Various methodologies exist for diagnosing faults in high-speed train components, encompassing expert knowledge-based, model-based, and data-driven approaches [
2,
3]. Among these, deep learning, a subset of data-driven techniques, has gained prominence for its capabilities in extracting intricate features from data [
4,
5]. Noteworthy architectures such as stacked autoencoders, deep belief networks, and convolutional neural networks are commonly employed in fault diagnosis. These models serve either as feature extractors or as end-to-end structures, showcasing advantages in adaptive feature extraction and comprehensive fault analysis [
6,
7]. Recent studies have explored fault diagnosis methods for high-speed train components, including traction systems [
5], running gears [
8], bogies [
9], and yaw dampers [
10]. Additionally, hybrid models integrating physical and data-driven approaches have been proposed for fault detection in axle bearings [
11]. Despite their successes, these approaches face challenges, particularly in the need for substantial labeled data. The limited availability of fault samples poses a significant constraint on the practical application of deep learning models for fault diagnosis in high-speed train components. Overcoming this limitation and effectively handling the scarcity of labeled data remain critical aspects for further advancing the field of high-speed train fault diagnosis.

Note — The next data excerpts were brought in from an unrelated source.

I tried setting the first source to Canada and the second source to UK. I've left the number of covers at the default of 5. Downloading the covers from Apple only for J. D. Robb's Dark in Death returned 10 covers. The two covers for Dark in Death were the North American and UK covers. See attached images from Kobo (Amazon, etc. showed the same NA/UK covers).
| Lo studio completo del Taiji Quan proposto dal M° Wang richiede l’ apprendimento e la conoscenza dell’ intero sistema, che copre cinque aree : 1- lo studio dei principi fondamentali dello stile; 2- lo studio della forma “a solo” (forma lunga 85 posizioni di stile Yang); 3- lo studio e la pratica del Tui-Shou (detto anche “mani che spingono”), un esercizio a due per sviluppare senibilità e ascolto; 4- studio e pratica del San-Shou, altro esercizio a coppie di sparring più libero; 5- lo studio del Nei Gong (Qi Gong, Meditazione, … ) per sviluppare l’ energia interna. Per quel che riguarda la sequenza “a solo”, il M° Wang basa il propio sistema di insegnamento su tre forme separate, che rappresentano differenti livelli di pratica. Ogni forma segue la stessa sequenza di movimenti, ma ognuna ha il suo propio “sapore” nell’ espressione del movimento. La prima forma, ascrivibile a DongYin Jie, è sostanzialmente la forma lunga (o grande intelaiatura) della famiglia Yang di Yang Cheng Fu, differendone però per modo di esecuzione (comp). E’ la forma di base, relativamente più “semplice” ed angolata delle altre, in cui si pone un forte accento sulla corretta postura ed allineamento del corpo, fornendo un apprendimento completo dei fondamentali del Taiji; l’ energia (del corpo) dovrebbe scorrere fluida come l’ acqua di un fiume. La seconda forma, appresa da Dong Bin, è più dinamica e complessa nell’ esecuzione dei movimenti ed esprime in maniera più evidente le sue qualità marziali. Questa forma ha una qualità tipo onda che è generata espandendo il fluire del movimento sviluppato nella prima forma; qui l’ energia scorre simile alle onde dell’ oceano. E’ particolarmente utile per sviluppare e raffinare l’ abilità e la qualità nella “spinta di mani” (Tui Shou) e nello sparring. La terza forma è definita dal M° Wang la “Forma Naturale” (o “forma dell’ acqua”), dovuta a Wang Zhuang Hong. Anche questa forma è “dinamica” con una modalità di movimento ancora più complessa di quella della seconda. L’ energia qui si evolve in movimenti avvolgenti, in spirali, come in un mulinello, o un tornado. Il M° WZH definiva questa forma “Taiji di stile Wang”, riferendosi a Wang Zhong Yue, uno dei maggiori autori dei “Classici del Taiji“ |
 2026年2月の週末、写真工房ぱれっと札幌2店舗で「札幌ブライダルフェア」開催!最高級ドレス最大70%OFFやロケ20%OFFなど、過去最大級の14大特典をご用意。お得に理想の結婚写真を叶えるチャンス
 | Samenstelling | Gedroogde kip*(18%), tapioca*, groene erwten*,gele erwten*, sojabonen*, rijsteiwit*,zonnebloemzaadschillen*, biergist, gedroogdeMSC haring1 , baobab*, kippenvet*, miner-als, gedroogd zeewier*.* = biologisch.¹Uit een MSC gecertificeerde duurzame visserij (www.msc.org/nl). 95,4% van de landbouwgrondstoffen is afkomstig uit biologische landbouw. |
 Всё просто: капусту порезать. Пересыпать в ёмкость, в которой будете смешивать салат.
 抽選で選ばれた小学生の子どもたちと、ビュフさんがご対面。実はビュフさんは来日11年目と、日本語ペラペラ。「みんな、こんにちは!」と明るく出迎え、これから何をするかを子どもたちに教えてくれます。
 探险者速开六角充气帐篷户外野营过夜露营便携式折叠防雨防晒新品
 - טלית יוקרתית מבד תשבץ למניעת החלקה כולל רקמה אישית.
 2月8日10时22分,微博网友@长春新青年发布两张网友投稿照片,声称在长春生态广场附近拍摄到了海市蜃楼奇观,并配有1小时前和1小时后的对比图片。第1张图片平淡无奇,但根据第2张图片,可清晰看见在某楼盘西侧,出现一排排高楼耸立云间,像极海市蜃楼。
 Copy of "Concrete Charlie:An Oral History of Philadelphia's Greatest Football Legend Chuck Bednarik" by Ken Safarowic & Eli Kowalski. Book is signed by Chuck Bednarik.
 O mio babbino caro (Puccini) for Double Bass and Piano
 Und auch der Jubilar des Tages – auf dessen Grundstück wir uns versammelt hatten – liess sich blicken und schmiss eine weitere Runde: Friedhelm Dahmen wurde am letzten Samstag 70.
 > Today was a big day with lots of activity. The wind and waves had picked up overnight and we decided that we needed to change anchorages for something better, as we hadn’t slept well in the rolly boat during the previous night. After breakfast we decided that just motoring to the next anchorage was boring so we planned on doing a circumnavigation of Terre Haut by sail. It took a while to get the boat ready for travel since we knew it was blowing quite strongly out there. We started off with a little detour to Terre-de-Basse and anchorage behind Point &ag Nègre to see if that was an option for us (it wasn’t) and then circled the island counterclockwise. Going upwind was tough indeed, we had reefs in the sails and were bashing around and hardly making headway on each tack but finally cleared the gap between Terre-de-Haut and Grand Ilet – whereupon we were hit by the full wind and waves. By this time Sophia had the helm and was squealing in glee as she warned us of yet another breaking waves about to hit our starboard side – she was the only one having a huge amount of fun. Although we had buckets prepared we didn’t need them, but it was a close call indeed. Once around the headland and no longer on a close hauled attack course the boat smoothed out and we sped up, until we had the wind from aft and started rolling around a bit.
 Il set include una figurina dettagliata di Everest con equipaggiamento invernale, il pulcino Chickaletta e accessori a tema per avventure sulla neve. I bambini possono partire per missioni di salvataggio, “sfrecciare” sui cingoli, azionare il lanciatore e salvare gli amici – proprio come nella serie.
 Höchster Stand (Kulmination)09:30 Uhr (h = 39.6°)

Few-shot learning emerges as a promising solution for addressing the challenges of data scarcity in fault diagnosis, especially in scenarios where obtaining abundant labeled data is impractical. This approach involves training models to recognize new fault classes with minimal labeled examples, making it adaptable to situations with limited data availability. Few-shot learning’s effectiveness extends beyond traditional machine learning limitations, finding applications in various domains where data is scarce. In the context of fault diagnosis, few-shot learning becomes particularly relevant by requiring only a small number of labeled samples for each fault class. This adaptability is crucial in overcoming challenges associated with acquiring extensive labeled data, a common constraint in fault diagnosis applications. Few-shot learning’s ability to generalize from limited examples makes it well-suited for the dynamic and diverse nature of fault patterns in high-speed train components. The efficacy of few-shot learning in fault diagnosis is demonstrated through diverse strategies, including data augmentation-based methods, meta-learning approaches, distance metric-based techniques, and migration learning-based methods. These methodologies within the few-shot learning framework contribute to enhancing fault diagnosis accuracy, especially in the presence of limited labeled data. The efficacy of few-shot learning in fault diagnosis is demonstrated through diverse strategies. Snell et al. [
12] introduce a simple yet effective approach for few-shot learning by learning prototype representations of each class in a metric space. Finn et al. [
13] propose Model-Agnostic Meta-Learning method for few-shot learning, which is compatible with any model trained with gradient descent and applicable to a variety of different learning problems. Ren et al. [
14] extend Prototypical Networks to incorporate unlabeled examples within each episode, demonstrating improved predictions akin to semi-supervised algorithms. Liu et al. [
15] propose Transductive Propagation Network (TPN) for transductive inference in few-shot learning, addressing the low-data problem by learning to propagate labels from labeled instances to unlabeled test instances. Notably, transductive inference is a flavor of few-shot learning that has gained attention for its ability to leverage unlabeled data for better generalization. This characteristic is particularly advantageous in fault diagnosis, where labeled data is often limited, and the inclusion of unlabeled data can significantly improve model performance. As the field progresses, the application of few-shot learning principles is expected to play a pivotal role in advancing fault diagnosis capabilities, providing effective solutions for real-world scenarios characterized by data scarcity.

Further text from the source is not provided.